At least, that's the way I know it, from a Joan Baez EP (Remember them?). In a play on Radio 4 last week (still catchable if you're quick) a character sang "All men are fools"; OK, that's the folk process. Words change from singer to singer. But 'my mother' didn't mean that men are fools: 'They'll tell you wicked loving lies" You wouldn't catch her singing "He'll come back and marry me".
<meta_digression>
</digression>
Where was I...? Borgen. Katrine was talking to Kasper about 'min barn' (Google Translate says the min becomes mit in that context, but I'm not convinced. I suspect a typo. I'm pretty sure I heard an [n].) Anyway, Danish barn means English 'child'.

In preparation for our tour, I downloaded a recording of  an American choir singing Bobby Shaftoe, and I was greatly amused by the words 'Bobby Shaftoe's gettin' a barn [sic]' The next line is 'For to dandle on his arm', and I thought the singers were just trying to 'repair' the rhyme (not knowing the Scottish pronunciation of 'arm').

Album containing
The Road t Dundee
The song The Road to Dundee includes the line '...she gave me her ar-m'. And the tune is a match for the strangely similar-sounding Streets of Laredo (totally different, and modal where Streets of Laredo† is in the major, but the rhythms are the same [Streets of Laredo=Gave me her ar-m] and the tunes are an inexact mirror image of each other). Arm is [eʀm]. (Other similarities include reference to the season in the first line, in a way relevant to the mode [Cauld winter was howlin' o'er moor and o'er mountain versus I left my hometown one warm summer evenin' in the warmer-sounding major tune, and a first-person narrative.])

So in Bobby Shaftoe, the 'bairn/arm' rhyme doesn't need repairing.
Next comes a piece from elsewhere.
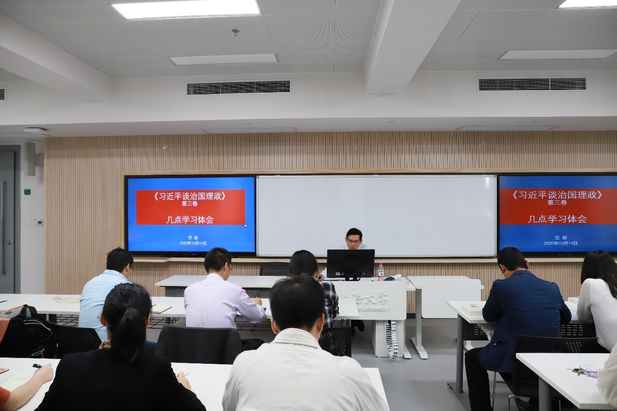 竺剑结合新形势、新任务分享了《习近平谈治国理政》第三卷的学习感悟和体会。一是《共产党宣言》要“多看几遍”,“真理的味道非常甜”。竺剑分享了习近平总书记讲到的陈望道同志翻译《共产党宣言》时发生的一个关于“真理的味道非常甜”的故事,并强调2020年是《共产党宣言》中译本诞生100周年,正如总书记给复旦大学青年师生党员的回信所述,“心有所信,方能行远”。未来三十年是年轻人学习拼搏的舞台,党员同志特别是研究生党员务必加强理论学习,在学思践悟中坚定理想信念,在奋发有为中践行初心使命,自觉做习近平新时代中国特色社会主义思想的坚定信仰者和忠实实践者。二是不谋全局者,不足谋一域。唯有把握好整体和部分的关系,坚持从大局出发考虑问题,才能有效推进各项工作进展。竺剑以科研工作和公司活动做类比,提出做任何事情都应在保证整体规划的基础上再进行细节的分工,谋求发展不能只顾局部利益。402永利集团既是一个整体,更是402永利集团的重要单元,全体党员应当以发展的眼光看待问题,稳扎稳打做好402永利集团建设工作,助力“一流上大”的建设和发展。三是“不是有希望才坚持,是坚持了才有希望”。目前,402永利集团正处在建设初期阶段,竺剑要求全体师生党员铭记来到402永利集团的初心与使命,振奋精神状态,在业务工作中取法乎上,履职担当,积极应对新形势新挑战,为402永利集团建设做出积极贡献。

Silly Yanks I thought (being a bit of a Chauvinist; apologies for the intemperate slur, which I'm about to retract, if you'll be so good as to read on); Fancy not knowing that.

But Borgen made me think again. The printed text in the musical score is '...bairn/...arm'; and a non-British speaker might not recognize the word bairn. But if one of the singers had Danish ancestry (as a good few North Americans do) they might have recognized it as barn. There was Danish influence on Scots and English. So my imagined Dane might well assume it was a plain typo. Not so silly.

b
PS
A while ago I noted this snippet somewhere, which seems vaguely relevant:

A linguistics professor at the University of Oslo has been making headlines with a controversial claim. He believes that English is, in fact, a Scandinavian language, placing it in the North Germanic language family rather [ed: 'than'] the West Germanic family, where it has traditionally been placed. Is English a Scandinavian Language? he asks in a K International blog.

But I must be getting on before the next episode starts and fills my head with more 'wild surmise'.

Update 2013.12.01.11:35 – Added links
† Johnny Cash's version doesn't have the 'warm summer evening'.  That's the folk process for you.

Update 2013.12.01.17:15 – Added this PS:

PS

Report from the word face

When  I last reported on #WVGTbook I was having trouble with conversion to hardcopy, partly because the only format Amazon would take was PDF, so I was forced off the WinWord I know (Word 2003) onto a new one (a beta test kit) that lets me choose .pdf as an output format.

Suddenly – though I suspect that if I read the right blogs I'd've known it was coming – they're accepting .doc, docx, and even .rtf as well. So I'm retracing my (very tentative) steps with Word 2013 and working on a plain .doc file. I should be done before Christmas. Stay tuned ....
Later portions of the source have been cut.